今日の催し物は下級貴族と富豪の集まりだ。そんなところに上流階級の人間が顔を出すなど、通常ではありえない。
「アイツはどこにいった」
これだからアイツは…っ、と苛立たし気に舌を鳴らし、シオンは例の魔石の波動を頼ることにする。

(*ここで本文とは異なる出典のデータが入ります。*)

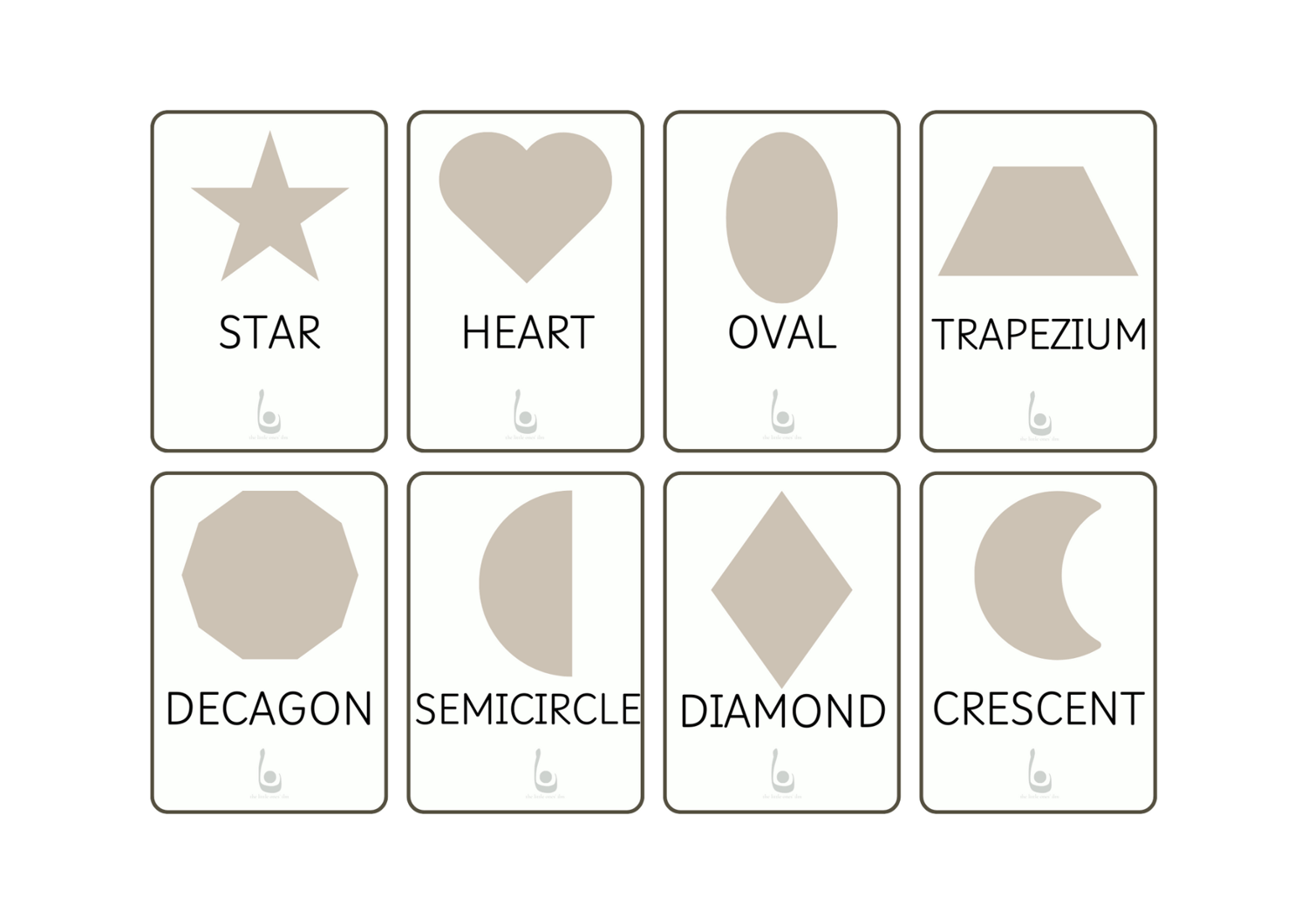 Shape flashcards to teach and support young children the names of common shapes. Perfect to display in learning corners at home or in the classroom.
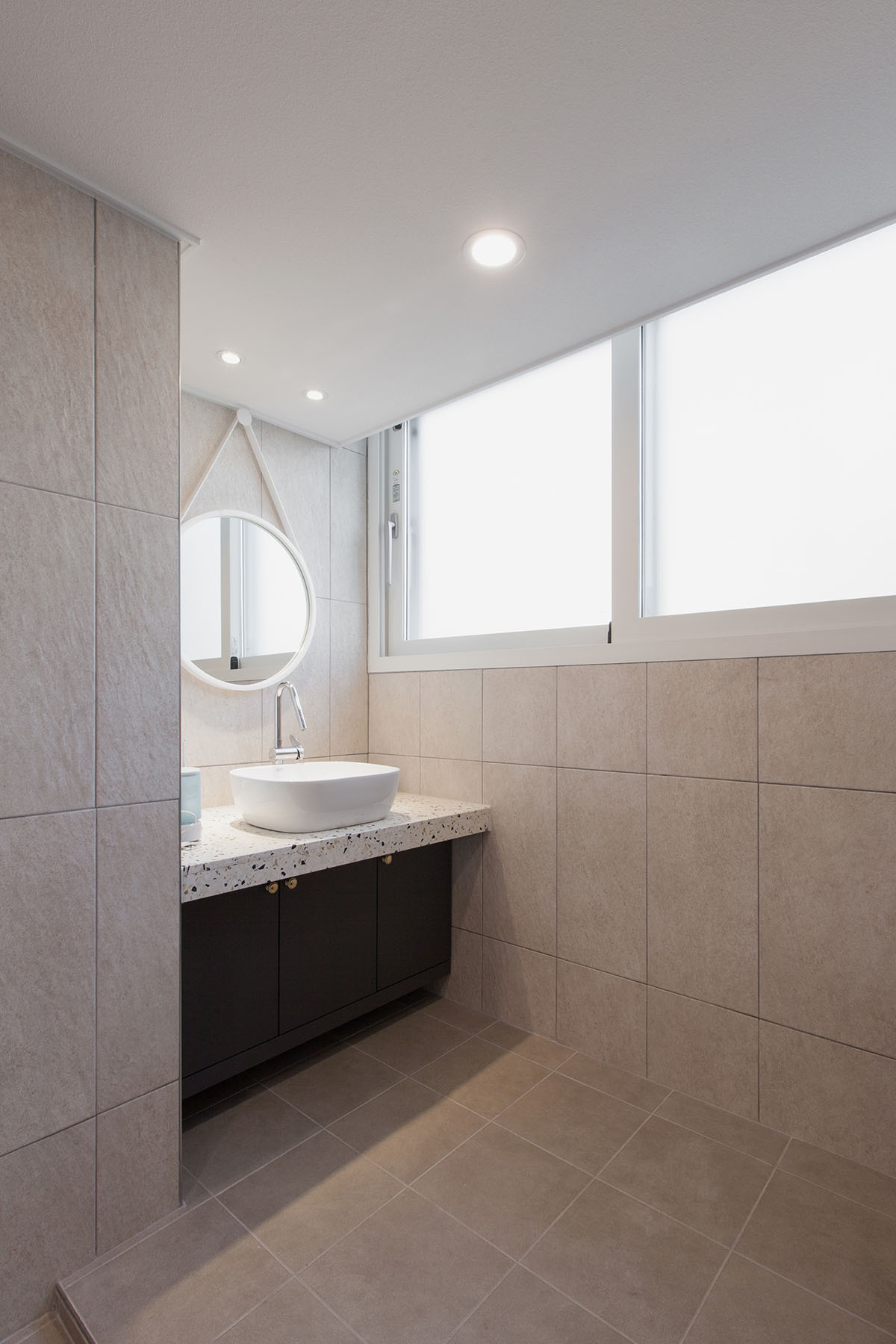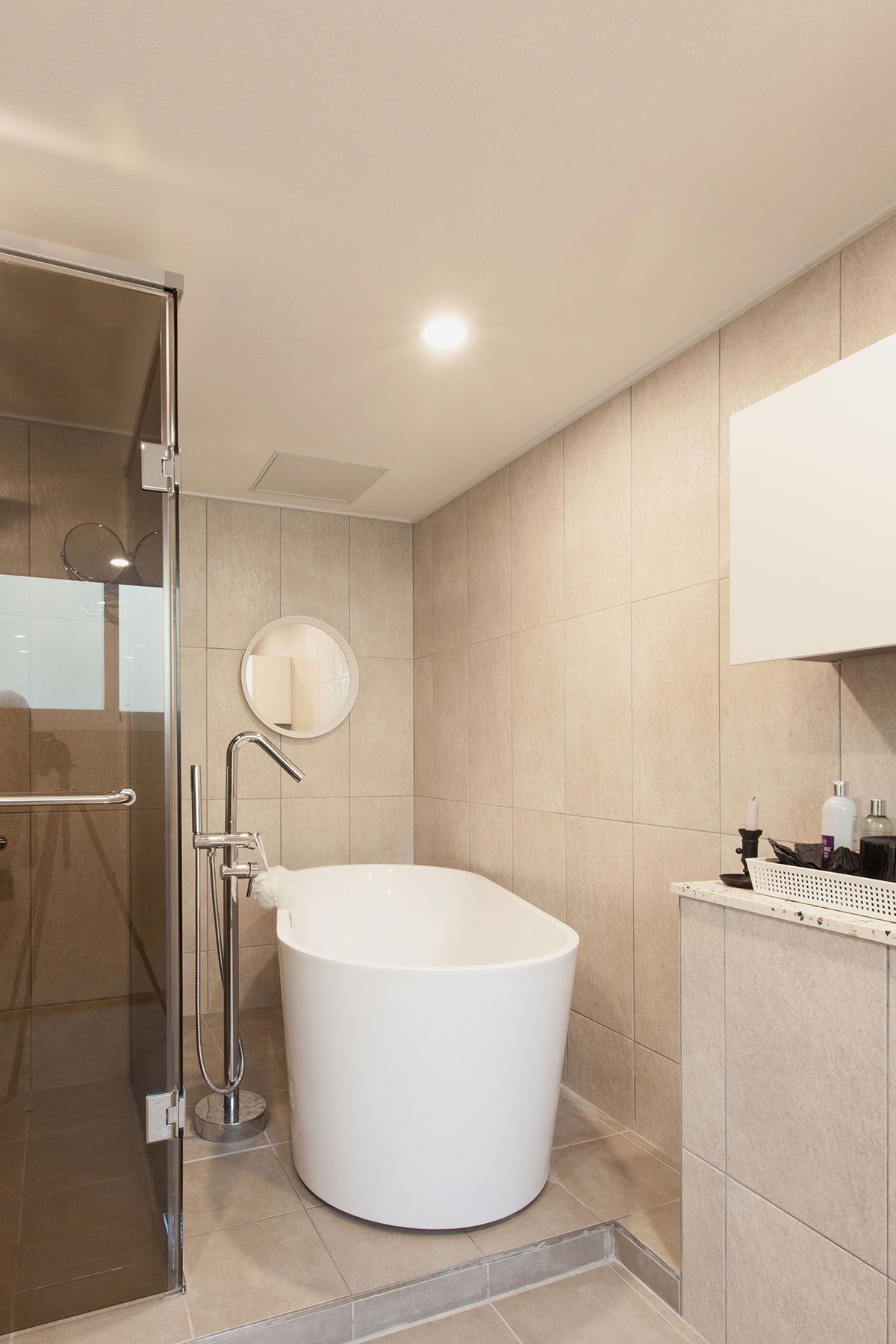 안방의 화장실은 따뜻한 느낌의 아이보리 느낌의 타일과 테라조를 사용하였습니다.

この場に見えないその姿に、嫌な予感が胸を過っていた。
魔石の波動は確かにずっとこの座標を示していたから油断していた。
「…どこだ…?」
額へと意識を集中させ、魔石の波動を読み取れば、確かにこの敷地内ではあるものの随分と離れた場所にソレはあって、シオンは慌てて踵を返す。
「おいっ、どこに行く気…っ」
思わず素が出てしまったギルバートの声に、何処からともなく現れた黒い猫が、にゃぁ~っ!と咎めるような声を上げた。
「放っておくわけにもいかないだろ」
それに小さく返事を返し。
「ぼくも行きますっ」
シオンの反応に異常事態を察したらしいシリルが続くのに、二人はシオンの後ろ姿を追って走り出す。
去り際、カーティスの方へと振り返り、
「カーティスはジゼルを頼んだ!」
叫ばれたその言葉に、カーティスは不安そうに瞳を揺らめかせるジゼルの肩へと手を置いて大きく頷き返していた。